[dcc2] Other comments
myndzi
myndzi at gmail.com
Mon Jun 28 02:26:55 EDT 2004
> Well that depends on what you're doing. For example, say I'm transfering a
> picture. In a web browser, the picture is displayed as it is downloaded (e.g
> png files in IE). Well, if the packets are sent out of order, you can't do
> that. However, if the packets are sent in order, having the image displayed
> while it downloads would work just fine. And, based on some things I've
> read, there are IRC clients that display images as they are downloaded
> (though I've never found one that actually does it).

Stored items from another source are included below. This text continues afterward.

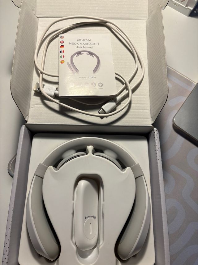 Massaggiatore cervicale EKUPUZ, modello ST-304. Include manuale utente e cavo di ricarica. - Design ergonomico. - Colore bianco e grigio.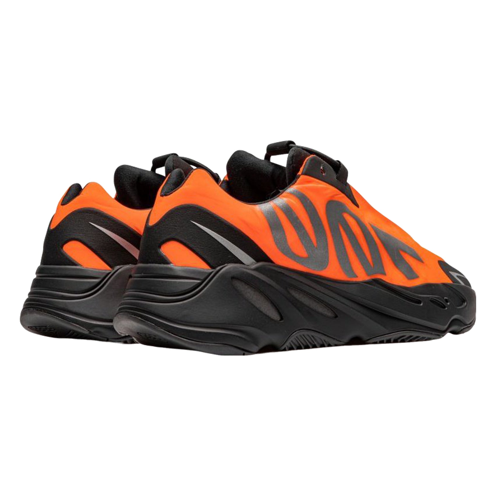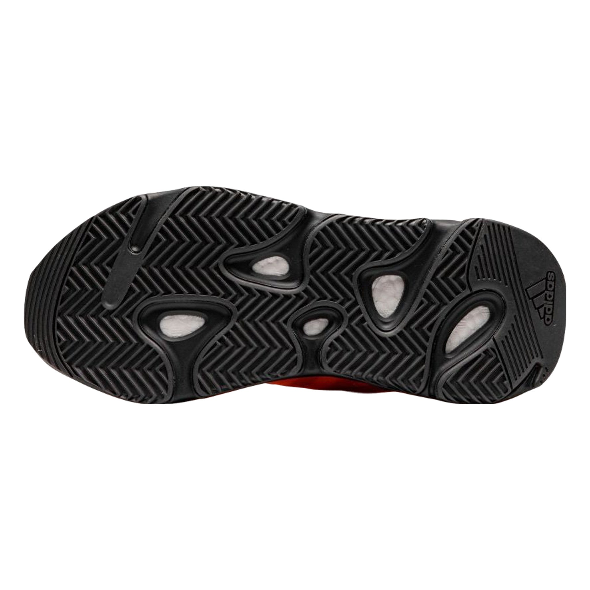 The Yzy Bst 700 MNVN “Orange” is a vivid colorway of Kanye West’s heralded “dad shoe” with adidas. The model’s first form of outward branding is seen on the mid-panel as reflective “700” detailing is printed in a silver font and shines when exposed to light. Futuristic black and grey accenting can be found on the heel and toe, giving the shoe an evolutionary look when compared to prior releases. A black throat and midsole, which houses comfortable Bst cushioning technology, allow for the bold orange upper to attract attention everywhere it goes.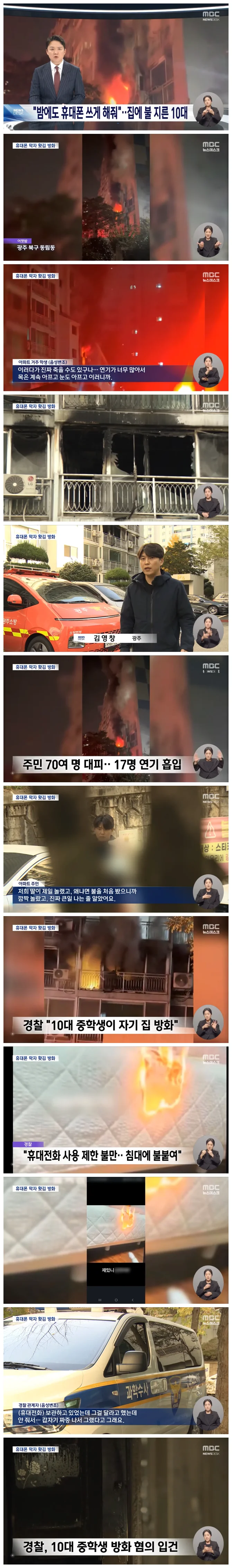 휴대폰을 쓰지 못하게 하자 홧김에 자기 방에 불을 지른 중학생이 있다고 합니다.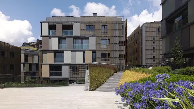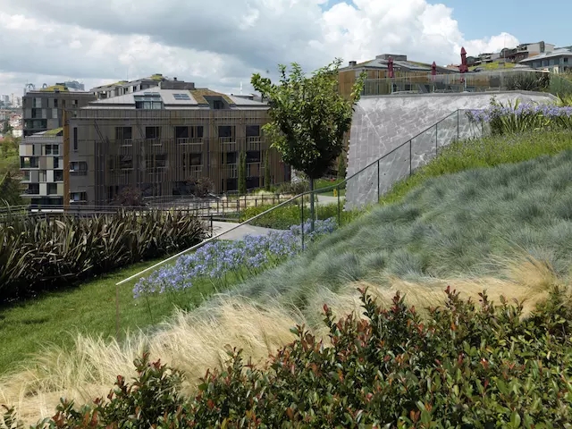 和常規(guī)意義上的屋頂花園不同,Ulus Savoy 住宅區(qū)的自然景觀是從社區(qū)內(nèi)的路面延伸至各個坡路和住宅塔樓的頂部。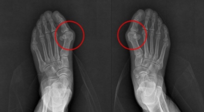 우리에게 잘 알려져 있는 엄지발가락 통증의 원입니다. 선천적 요인으로 인한 발병보다는 하이힐, 뾰족구두, 키높이 깔창과 같이 앞이 좁고 엄지발가락에 자극이 심한 신발 유행으로 후천성 환자가 늘어나고 있습니다. 체중 증가나 류마티스 관절염도 무지외반증의 원인입니다. 엄지발가락이 둘째 발가락으로 휘어지면서 대측으로 회전해서 제1중족 관절이 안쪽으로 돌출되는 무지외반증은 서있거나 걸어 다닐때 신발과 마찰해 통증과 염증이 발생합니다.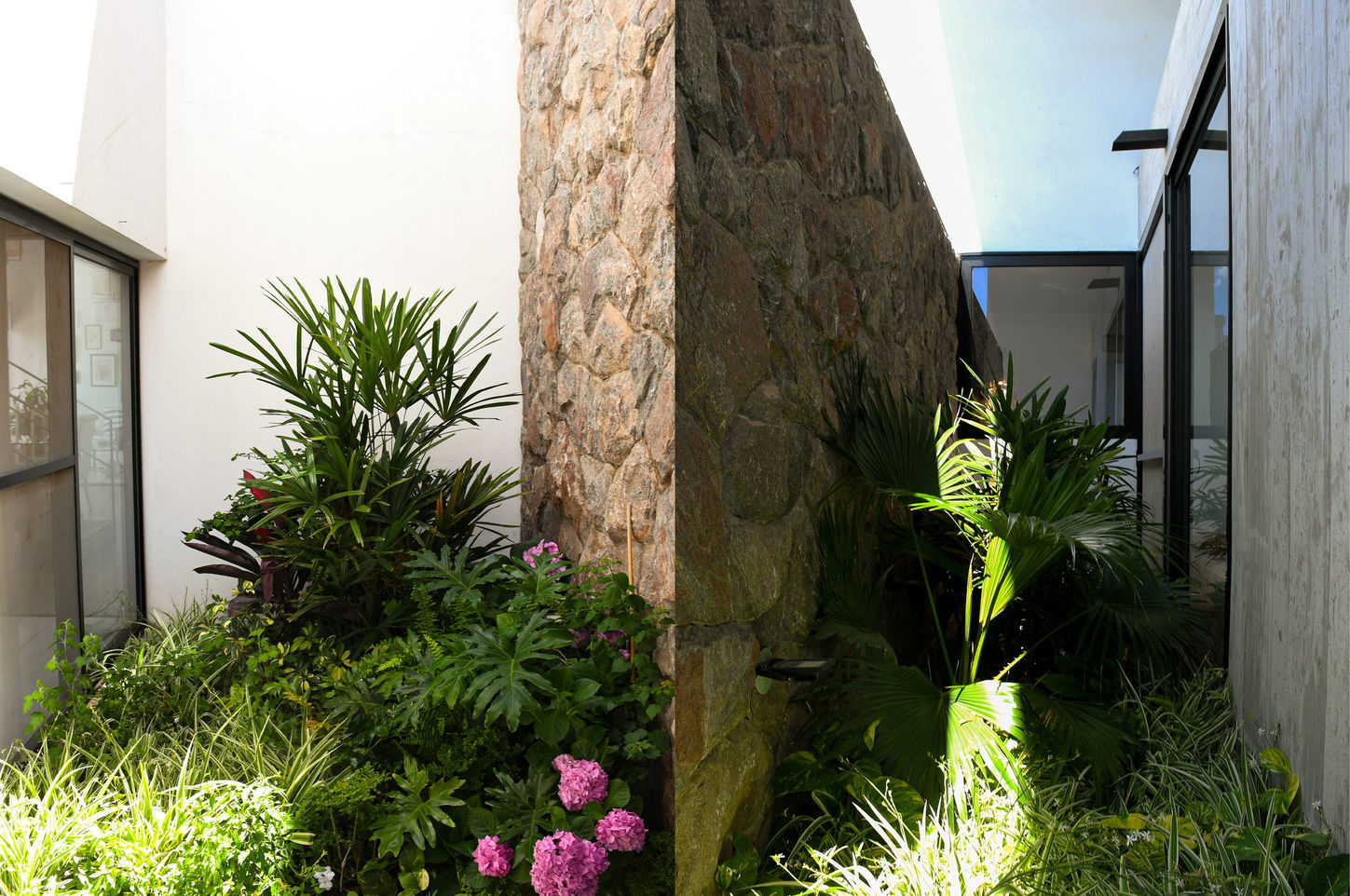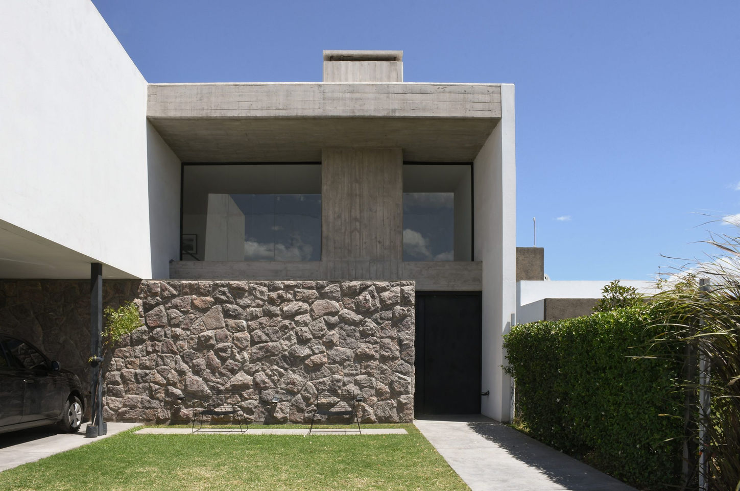 La casa se muestra cerrada hacia la calle, buscando privacidad y resguardo, mientras que hacia el jardín se abre con generosidad, extendiendo la vida interior hacia el exterior.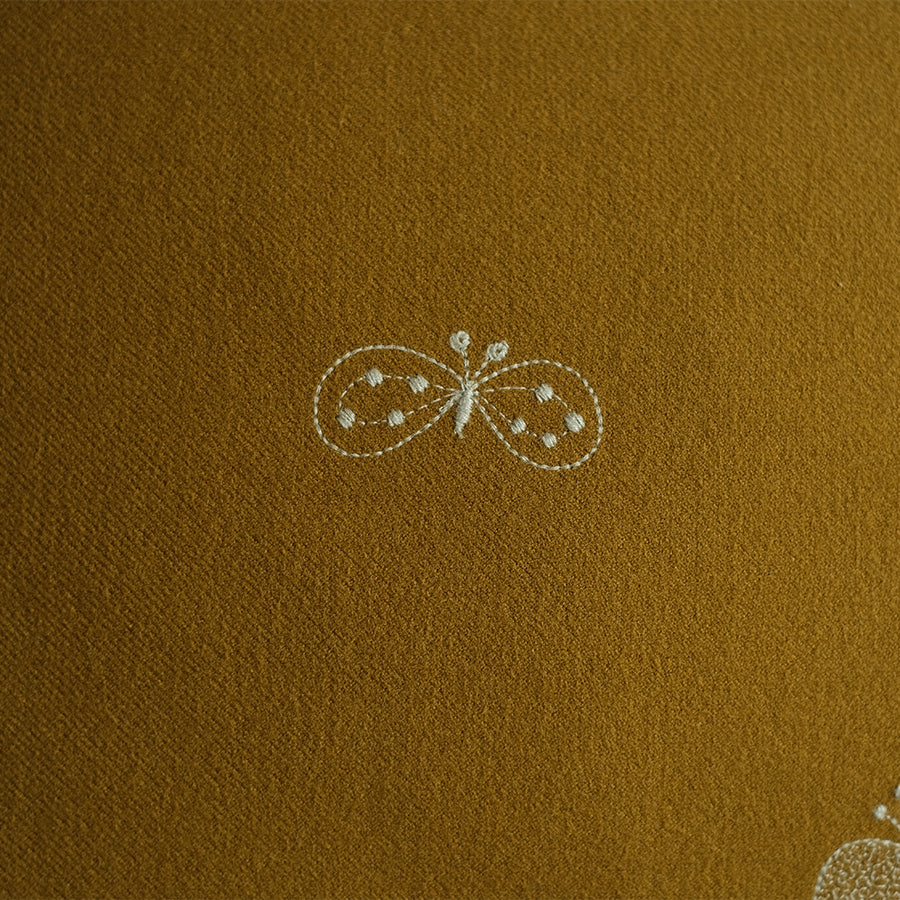 一度刺繍をした上からさらに刺繍を重ねさらに立体感を出しており、使い込むほどに表情を変えていきます。

But we aren't talking about web browsers here. And in addition to
that, pictures are NOT necessarily displayed partially as they
download...
> Additionally, this makes it inefficient. Since the packets are stored out of
> order, this means you need to do one of three things. Either store the
> unordered contents in memory, store the unordered contents in a temporary
> file, or treat the file as memory and reorder within the file. Then, when
> the file is done, you can arrange it all, and in cases 1 and 2, either copy
> from memory, or from the tmp file, to the actual file. Now for a 1KB file,
> no big deal. But, what if I'm d/ling a 4GB file? Well, I don't have 4GB of
> RAM for the program to store the unordered packets in memory. I don't want
> to dedicate 8GB of disk space to receive a 4GB file, and I don't want the
> tremendous speed decrease that reordering the packets within a 4GB file
> would cause (Imagine the unlikely scenario where packet 45782 goes in
> location 2). If the packets did not coincide with sector sizes, reordering
> within the existing file could cause a great deal of overhead.
There are a number of file transfer clients these days that have no
problem with out of order packets -- in fact, they thrive on them.
There's no reason (especially since it's not arbitrary throughout the
file, just maybe a packet or two reversed) that you shouldn't be able
to store say, the 3rd chunk before storing the 2nd -- just be sure to
write it to the correct place in file (given by the packet's headers
anyway). No reordering is required -- just proper ordering in the
first place.
> I agree, for some applications, UDP is useful. But, the way the draft is set
> up, it can be used for ANY application. It doesn't mention anywhere in the
> file send draft that "this Application requires TCP." So I don't think
> saying other applications might need UDP is valid. That explains why UDP
> should be supported by certain applications, not by all of them.
Nobody really said any choice in the draft should be supported by all
available applications -- we are just providing for negotiating which
to use. Obviously if a certain application can't use UDP, it will
reject the connection request or simply select TCP if offered.